Introduction and Motivation
The future of AI is largely believed to be multi-modal— instead of acting on only text, or only images, or only sounds, future AI would be able to interact with all of these in all just one model. DeepMind tries to achieve that in Gato, “a generalist agent”.
Motivation: Larger, more general, models tend to outperform specific, smaller ones with enough data. Can there be a generalist agent that is capable of a number of tasks, and can be adapted in a little data to be capable of an even larger number of tasks?
Development Details
Core guiding principle: Train Gato on the widest variety of data possible. Convert all data into a flat sequence and train on it, much like a LLM.
One of the goals is to maximize “out of distribution transfer” — being able to learn tasks outside of its training distribution faster.
The agent is finally used as a control policy — it accepts some “fixed prompt” (unchanging environment data) and an additional prompt (“observations”), predicts an action, which is used to update the environment and get the next observation.
The data distribution is very heavily skewed to learning in 2D and 3D control environments, with only about 15% being text and images.
Evaluation
The biggest complaint levied against Gato is that it’s results feel somewhat subpar, compared to the latest advances in each of the specific fields it attempts to generalize over.

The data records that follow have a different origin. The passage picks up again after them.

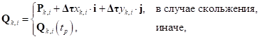 системы координат сектора, а их предельная величина ограничена силой трения между шиной и опорной поверхностью. Ниже приводится алгоритм расчета тангенциальных деформаций и сил элементов протектора: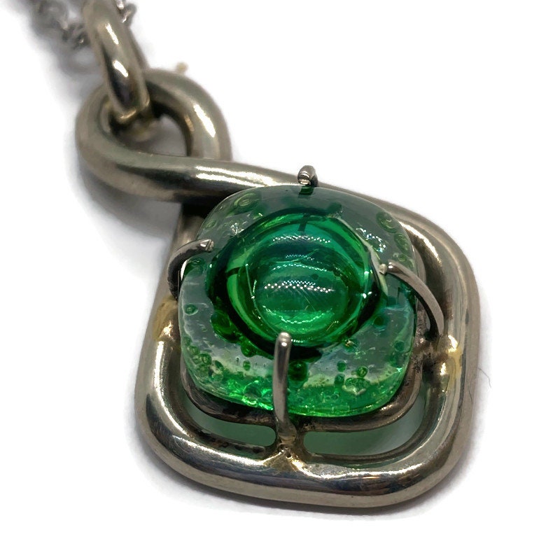 One of a kind Recycled Glass Green pendant . Handmade fused necklace. Dainty glass jewelry . Unique pieces. Awesome stone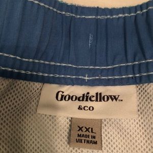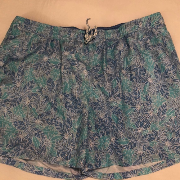 Men’s swim suit, worn exactly one time at the beach! Side pockets and a rear pocket with inner lining. They are a light blue, sea foam green and white colors elastic waistband and tie to cinch tighter.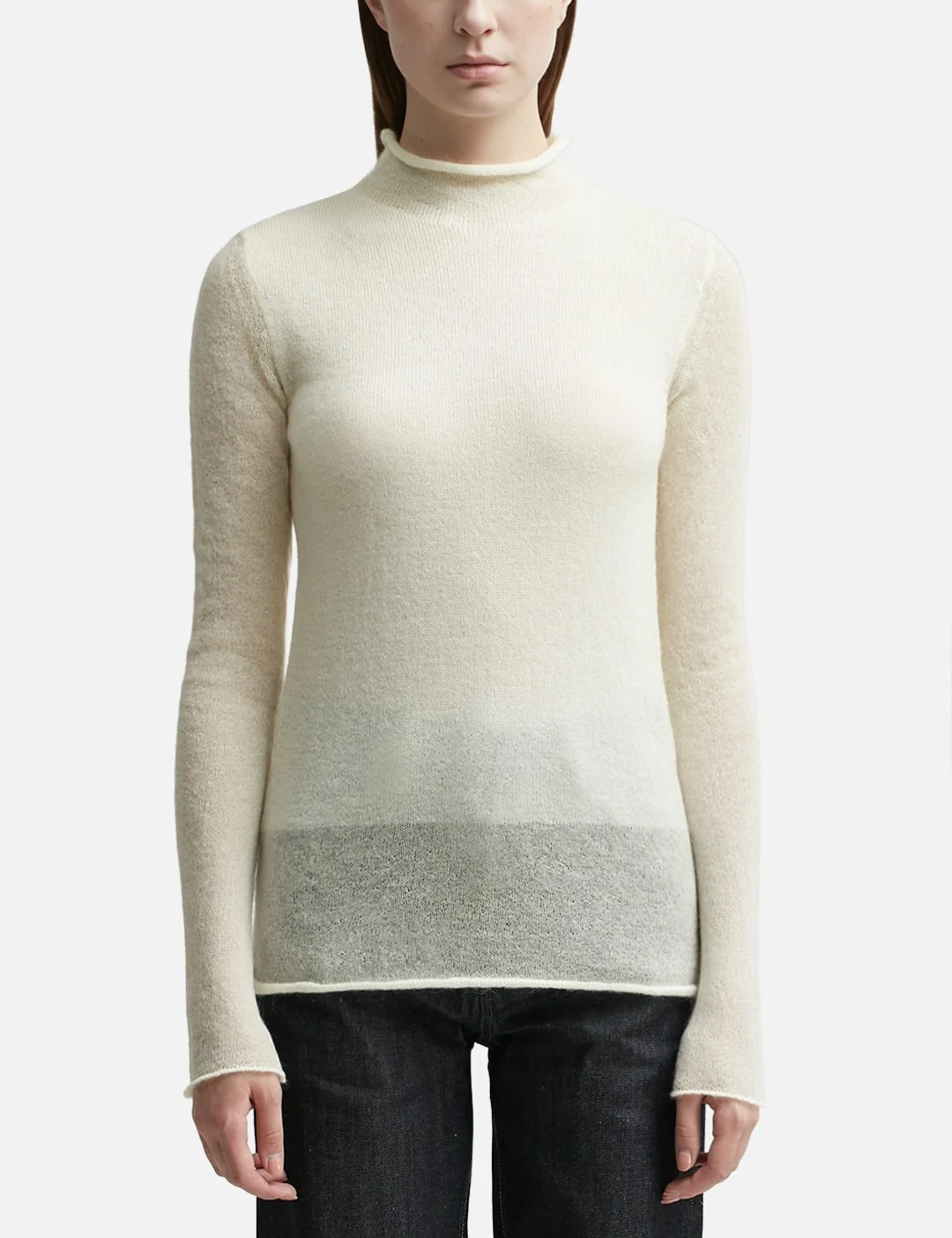 - Jil Sander - Mohair Blend Sweater - Loosely knitted mohair-polyamide blend exterior - Mock neck - Slightly sheer at bottom hem - Color: White - Material: 74% Mohair, 20% Polyamide, 6% Wool - See more Knitwear and Clothing SIZING - Model wears size 34 - Model measures: Height 181cm, Chest 33”/84cm, Waist 24”/61cm, Hip 35”/90cm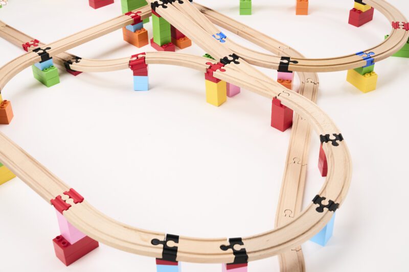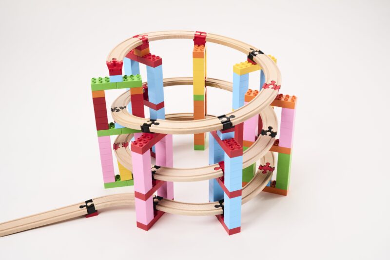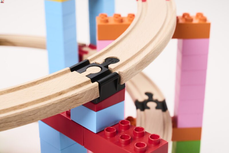 With the BiOBUDDi track connectors made from BIO-material (BiOBUDDi) and in combination with building blocks such as LEGO DUPLO or BiOBUDDi, children’s creativity and imagination are put to the test. Children can now build complex railways, even vertically. This set contains 100 pieces.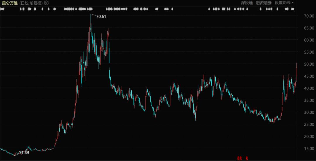 同样在2023年大幅受益于AI概念的昆仑万维,尽管当时并无特别亮眼的AI应用落地,股价却也在5月5日上涨到了历史性高位70.61元/股。

Here are Gato’s (less than stellar) attempts to caption images:
But Gato is quite impressive in robotic tasks. The statistics below say that Gato is roughly 50% as well as expert demonstrations.
Also realize that Gato is significantly larger than the baseline (BC-IMP) comparison in terms of parameters or training data. This is therefore somewhat of an unfair comparison.
The hope with Gato was that there would be positive transfer— seeing a lot of different tasks would help fulfill specific tasks easier. The data seems to suggest like this isn’t the result.
Instead, some of this data suggests that there could be negative transfer — generalizing making it harder to perform specific tasks. Note some “all data” does worse than “same domain only data” below:
Limitations and Future Work
Gato does not yet output image tokens or non-textual observations, but there is no reason it could not do so.
Gato learns using imitation learning, and thus relies heavily on high-quality expert demonstration data for a vast majority of its tasks.
The model currently has a prompt length limited to 1024 tokens. As mentioned previously, when the model is used as an RL agent, this is often a bottleneck.
In a lot of the comparisons to baseline, the size of the baseline model is not mentioned, which could make any comparisons unfair.
The paper also does not explicitly highlight the potential “negative transfer” of the model — the data that suggests such negative effects can only be found in the appendix of the paper.
While I appreciate the motivation of the paper, I think it makes the crucial error of attempting to brush over weaknesses to highlight it’s strengths (something very common in CS research). I am not the biggest fan of such an approach.